The Old Dude in the Mirror

 
Ava has become fascinated by her reflection. Because of this, lately, I’ve been spending more time looking in the mirrors around the house. It could be that I haven’t been getting much sleep lately (my fault: gaming on the weekends; during the workweek, pre-dawn anxieties about not fulfilling my mother’s prophecy of becoming Prime Minister of Canada) but I think my own reflection is finding it more difficult to hold the pretence that I am still young and beautiful. This is something that photographs of me had given up doing long before I turned 35. In regards to photos, I’ve come to expect that no matter how much effort I put into posing, I’ll always end up looking like the victim of a kidnapping. I’m surprised I haven’t taken to holding the front page of newspaper in front of my chest whenever anyone reaches for a camera.

Until lately though, I could always blame my god-awful appearance in photos on simply being unphotogenic, like a recessive gene. But now that my daughter has me looking at my haggard appearance in the mirror twenty times a day, my reflection is unable to keep up. It just doesn’t have the energy to lie to me anymore.

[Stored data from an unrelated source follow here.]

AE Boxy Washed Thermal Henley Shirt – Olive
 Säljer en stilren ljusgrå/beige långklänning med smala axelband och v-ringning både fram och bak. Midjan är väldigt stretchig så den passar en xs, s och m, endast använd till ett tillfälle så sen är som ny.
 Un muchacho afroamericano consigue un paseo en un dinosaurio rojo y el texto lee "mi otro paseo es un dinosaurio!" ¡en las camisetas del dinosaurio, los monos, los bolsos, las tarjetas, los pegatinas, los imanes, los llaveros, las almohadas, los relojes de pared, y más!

Sure, there are still a number of ways I can position my head which make me look 25, though all of them are simply variations on something I like to call the “jaw-jut”, which tightens the skin around the lower half of my face and temporarily smoothes out my ever-growing set of truckers’ jowls.

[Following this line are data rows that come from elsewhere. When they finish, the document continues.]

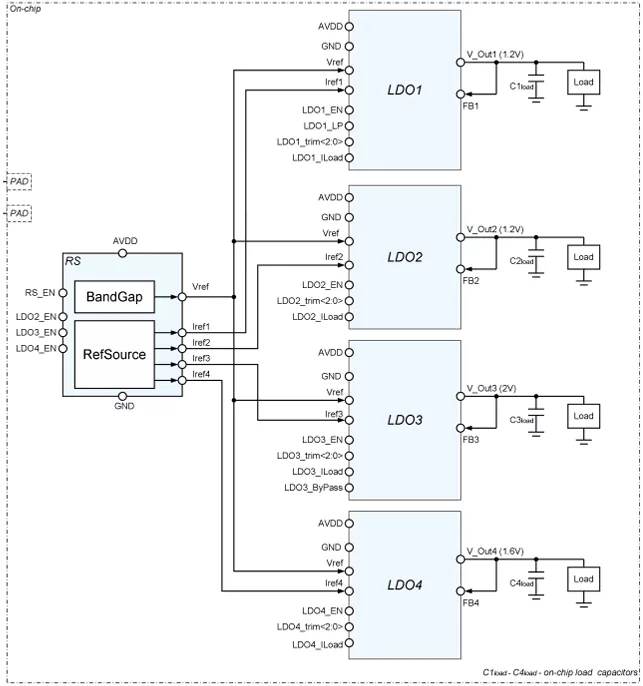 PMU is designed to supply integrated circuits with stable and precise voltage. 055UMC_PMU_01 is a library including RS block and 4 LDOs: LDO1 to supply digital circuits; LDO2 and LDO3 to supply analog circuits; LDO4 to supply flash memory. Each of LDO1-LDO4 has an option of choosing load current from 1mA to 50mA. LDO1 operates in two modes: “Full Power” from 1mA to 50mA load current and “Low Power” at 1µA load current to save battery charge if high performance of the system is not required.
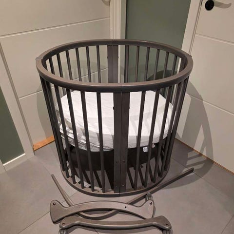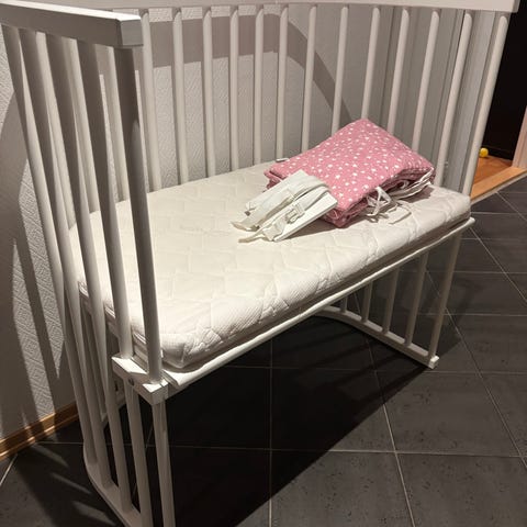 Hjul med låsefunksjon. Madrasse følger med. Noen bruksmerker men ellers fin og i god stand. Dyne og dynetrekk i str 65x80 kan medfølge
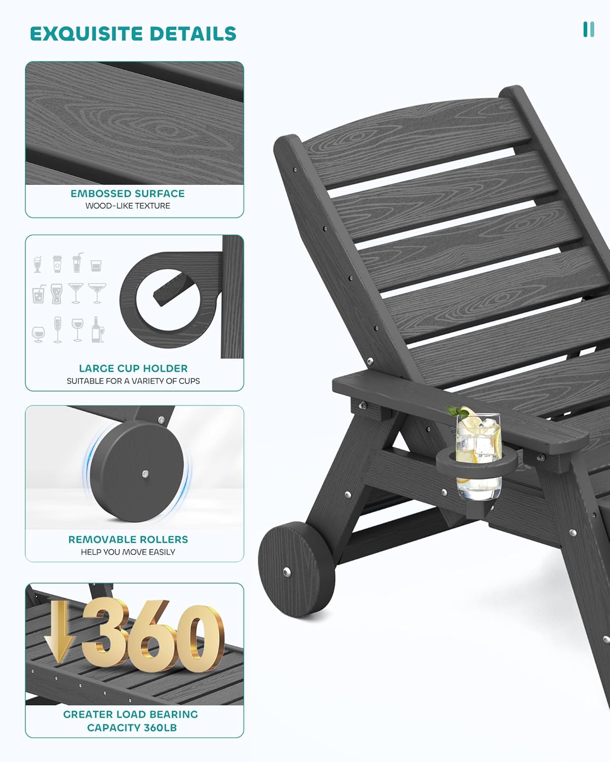 - Rolling Wheels: Equipped with convenient wheels, our chaise lounge chair is effortlessly portable. You can easily move it around to follow the sun or find shade throughout the day, providing you with the flexibility to create your ideal lounging spot.
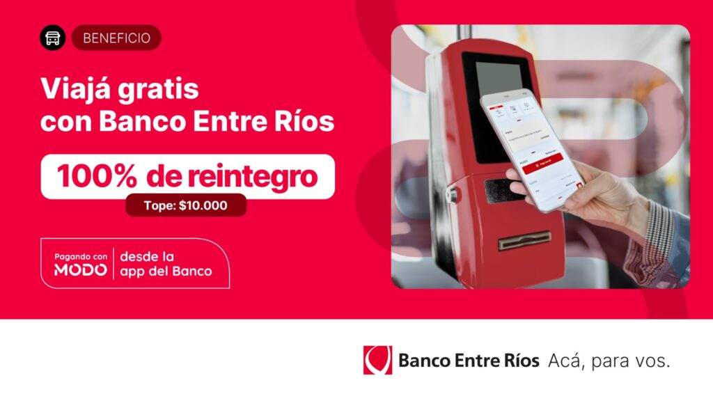 Bajo el lema “Viajá gratis con Banco Entre Ríos”, la promoción estará vigente hasta el 22 de febrero. Durante ese período, los usuarios que paguen sus viajes en colectivo utilizando MODO desde la app o desde la aplicación de Banco Entre Ríos recibirán un reintegro del 100% del importe, con un tope mensual de $10.000 por cliente.

My mother says she is always surprised that when she looks in the mirror, she expects to see an eighteen-year-old looking back at her. While some my say this is one of life’s small tragedies, I am going to go out on a limb and say that my situation is slightly crueller. For years now, my mirror has been hiding the truth that my photographs have been trying to show me. For years, I’ve essentially been acting as though I look like a twenty-year-old. At best, this could mean that I’ve been acting like the energetic jokester who never fails to brighten every workplace he inhabits. At worst, it means I’ve been behaving like the pudgy guy in the office with the pleated pants and ponytail who believes all the women there think he’s cute.

Perhaps I should view this as an opportunity. Maybe by accepting the newfound wrinkles and face-girth my reflection has been working so hard to conceal, can I finally accept – at least partially – my own mortality. Maybe that’s what fresh-faced, button-nosed daughters are for: to encourage you to look and accept how quickly time moves.